The most important part of Last Rites is where Lukacs expresses his conviction that history is larger than science, because science is part of history and not the other way around. Some historians may think that the purpose of history is to attain a definite and final establishment of truths, but for Lukacs history is like memory, incomplete and fallible. A recognition of its limits only enriches us.
So far so good, but one must disagree with Lukacs when he turns admiringly to Werner Heisenberg’s Gifford Lecture of 1955, in which he said that science by its interventions can alter the objects it investigates, and that methods and objects can no longer be separated. Lukacs embraces Heisenberg’s thinking, and upon it grounds his new “anthropocentric and geocentric view of the universe,” because “the universe is such as it is because at the center of it there exist conscious and participant human beings who can see it, explore it, study it.” He rallies Niels Bohr and the Copenhagen interpretation of quantum physics for support, declaring that “the human observer cannot be separated from the things he observes.”

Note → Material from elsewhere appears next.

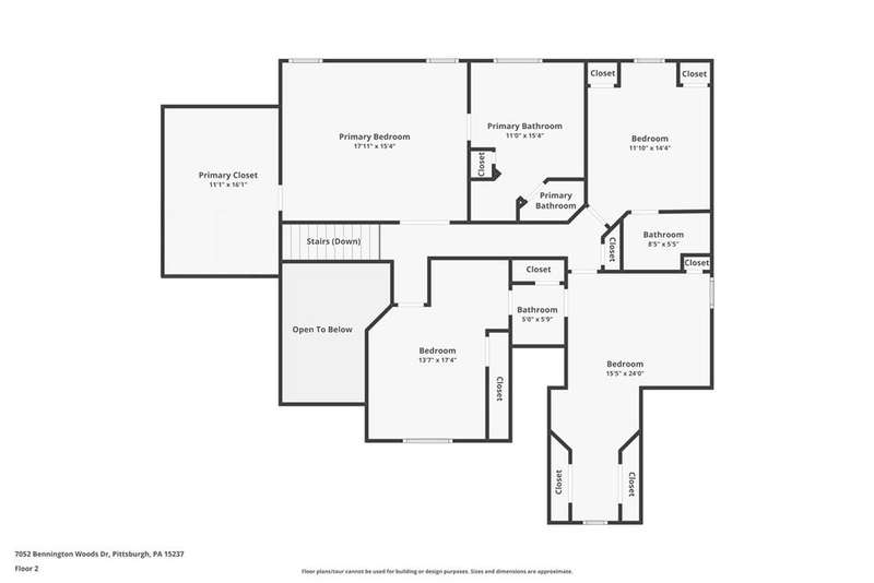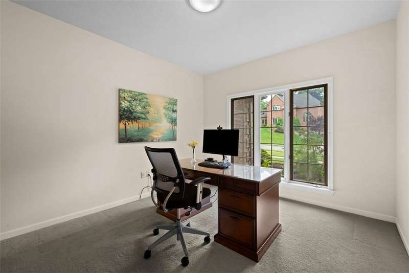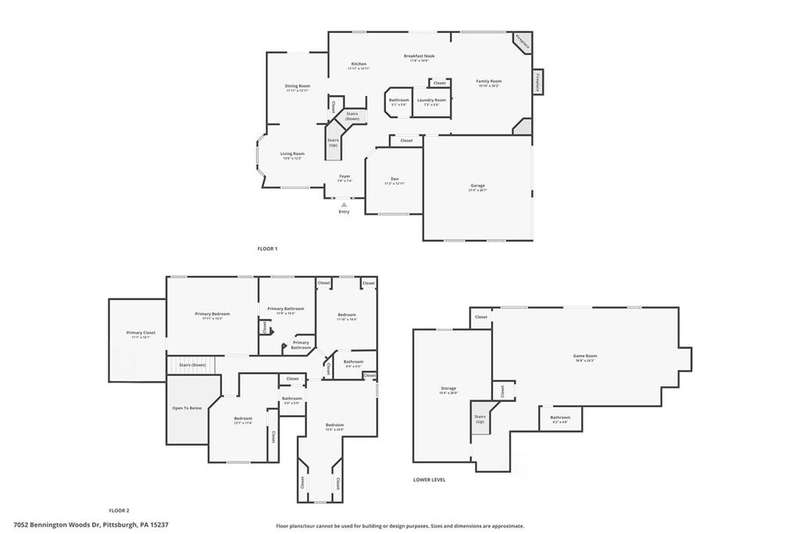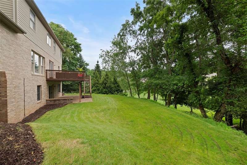 Stunning brick home in Bennington Woods (North Allegheny Schools) with a BRAND NEW ROOF (2025)! Just minutes from the city, shopping, and dining, this residence offers over 3,500 sq ft of elegant living space.A grand 2-story foyer and hardwood floors set the tone. The chef's kitchen with granite counters, island, and gas range opens to a spacious family room with picture windows, fireplace, and access to a huge Trex deck overlooking a private yard. A bright living room with tray ceiling and bay windows, formal dining with wainscoting, and a main-level den add both style and versatility.Upstairs, the luxurious owner's suite boasts a spa-like bath, while the secondary bedrooms include ensuite or Jack-and-Jill baths. The finished walk-out basement offers a game room, patio, and direct yard access. A flat driveway and 3-car garage complete this exceptional property.With its brand-new roof and timeless appeal, this home is truly move-in ready.

He is mistaken. This interpretation of quantum mechanics has been shown to be false by the brilliant physicist-theologian Stanley L. Jaki, also of Hungarian background. The late Fr. Jaki exploded the errors of Heisenberg, Bohr, and the Copenhagen school in several of his works, particularly in the chapter “Determinism and Reality” in Patterns or Principles and Other Essays. Fr. Jaki shows plainly the illogic of Heisenberg’s claim to have “definitively” invalidated the law of causality by quantum mechanics. The penalty for his blindness was that he fell into “anthropocentric subjectivism.” Sadly, Lukacs follows him.
But not entirely, since Lukacs is a serious Catholic for whom it behooves “Christian believers to think that the coming of Christ to this earth may have been the central event of the universe.” He is a Catholic for whom the “Church, my church…must remain a single, lonely lighthouse of human comprehension, of wisdom, a proponent of love. For God’s (and their own) sake, Christians must steel themselves against temptations of popularity and success.” For these statements and for most of his thought-provoking, elegiac work, one may be thankful.